EXERCISE DETAILS
Reproduction without pictures: print every entry precisely as written.

(PROVIDED RECORDS)

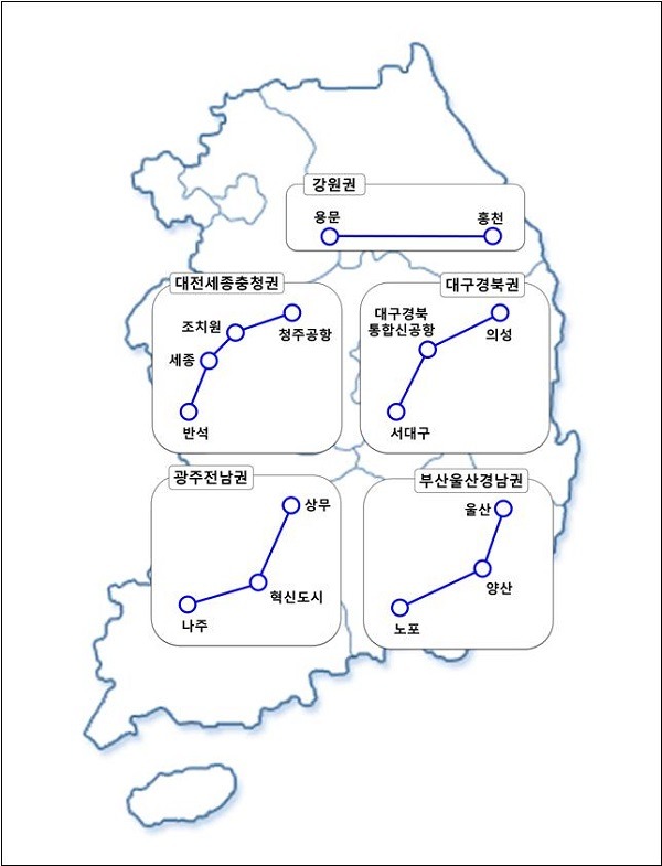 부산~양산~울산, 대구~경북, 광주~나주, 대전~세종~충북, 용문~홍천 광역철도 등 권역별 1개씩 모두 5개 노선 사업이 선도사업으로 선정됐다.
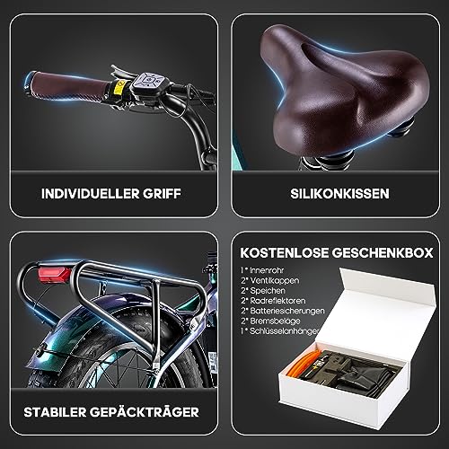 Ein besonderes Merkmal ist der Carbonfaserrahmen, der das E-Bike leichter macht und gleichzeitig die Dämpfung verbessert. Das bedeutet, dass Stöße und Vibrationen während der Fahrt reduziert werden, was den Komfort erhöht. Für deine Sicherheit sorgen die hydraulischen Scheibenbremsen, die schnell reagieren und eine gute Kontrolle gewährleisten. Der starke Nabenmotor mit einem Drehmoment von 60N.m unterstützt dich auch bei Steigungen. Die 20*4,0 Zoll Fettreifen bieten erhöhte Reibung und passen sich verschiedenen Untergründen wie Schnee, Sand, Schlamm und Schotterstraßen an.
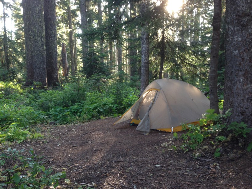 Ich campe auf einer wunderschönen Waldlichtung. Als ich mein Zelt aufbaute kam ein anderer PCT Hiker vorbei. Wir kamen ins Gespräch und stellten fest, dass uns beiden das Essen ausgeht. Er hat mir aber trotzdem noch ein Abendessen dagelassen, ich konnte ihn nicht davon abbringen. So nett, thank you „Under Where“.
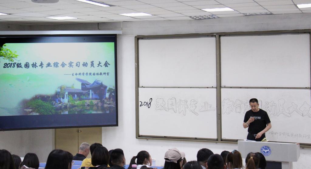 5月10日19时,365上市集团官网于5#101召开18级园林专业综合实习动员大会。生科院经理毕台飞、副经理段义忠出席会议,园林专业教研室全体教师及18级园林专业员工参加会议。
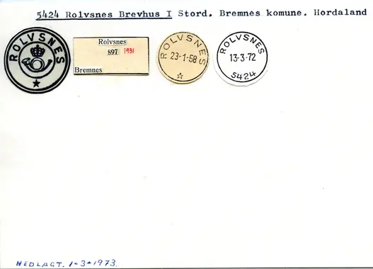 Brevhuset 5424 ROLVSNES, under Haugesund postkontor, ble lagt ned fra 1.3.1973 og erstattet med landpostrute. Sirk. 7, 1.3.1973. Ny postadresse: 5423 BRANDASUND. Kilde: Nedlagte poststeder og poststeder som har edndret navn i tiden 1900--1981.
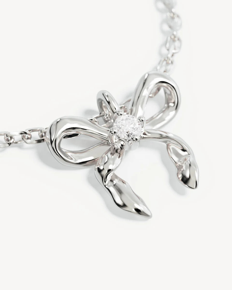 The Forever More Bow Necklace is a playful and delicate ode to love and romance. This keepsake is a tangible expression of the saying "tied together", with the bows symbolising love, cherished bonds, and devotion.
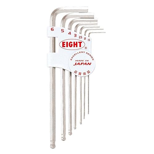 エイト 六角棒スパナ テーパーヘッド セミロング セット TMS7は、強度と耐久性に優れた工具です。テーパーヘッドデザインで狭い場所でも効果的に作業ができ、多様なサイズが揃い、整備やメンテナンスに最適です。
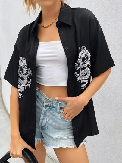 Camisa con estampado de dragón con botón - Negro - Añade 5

(End PROVIDED RECORDS)

TASK OUTPUT
 부산~양산~울산, 대구~경북, 광주~나주, 대전~세종~충북, 용문~홍천 광역철도 등 권역별 1개씩 모두 5개 노선 사업이 선도사업으로 선정됐다.
 Ein besonderes Merkmal ist der Carbonfaserrahmen, der das E-Bike leichter macht und gleichzeitig die Dämpfung verbessert. Das bedeutet, dass Stöße und Vibrationen während der Fahrt reduziert werden, was den Komfort erhöht. Für deine Sicherheit sorgen die hydraulischen Scheibenbremsen, die schnell reagieren und eine gute Kontrolle gewährleisten. Der starke Nabenmotor mit einem Drehmoment von 60N.m unterstützt dich auch bei Steigungen. Die 20*4,0 Zoll Fettreifen bieten erhöhte Reibung und passen sich verschiedenen Untergründen wie Schnee, Sand, Schlamm und Schotterstraßen an.
 Ich campe auf einer wunderschönen Waldlichtung. Als ich mein Zelt aufbaute kam ein anderer PCT Hiker vorbei. Wir kamen ins Gespräch und stellten fest, dass uns beiden das Essen ausgeht. Er hat mir aber trotzdem noch ein Abendessen dagelassen, ich konnte ihn nicht davon abbringen. So nett, thank you „Under Where“.
 5月10日19时,365上市集团官网于5#101召开18级园林专业综合实习动员大会。生科院经理毕台飞、副经理段义忠出席会议,园林专业教研室全体教师及18级园林专业员工参加会议。
 Brevhuset 5424 ROLVSNES, under Haugesund postkontor, ble lagt ned fra 1.3.1973 og erstattet med landpostrute. Sirk. 7, 1.3.1973. Ny postadresse: 5423 BRANDASUND. Kilde: Nedlagte poststeder og poststeder som har edndret navn i tiden 1900--1981.
 The Forever More Bow Necklace is a playful and delicate ode to love and romance. This keepsake is a tangible expression of the saying "tied together", with the bows symbolising love, cherished bonds, and devotion.
 エイト 六角棒スパナ テーパーヘッド セミロング セット TMS7は、強度と耐久性に優れた工具です。テーパーヘッドデザインで狭い場所でも効果的に作業ができ、多様なサイズが揃い、整備やメンテナンスに最適です。
 Camisa con estampado de dragón con botón - Negro - Añade 5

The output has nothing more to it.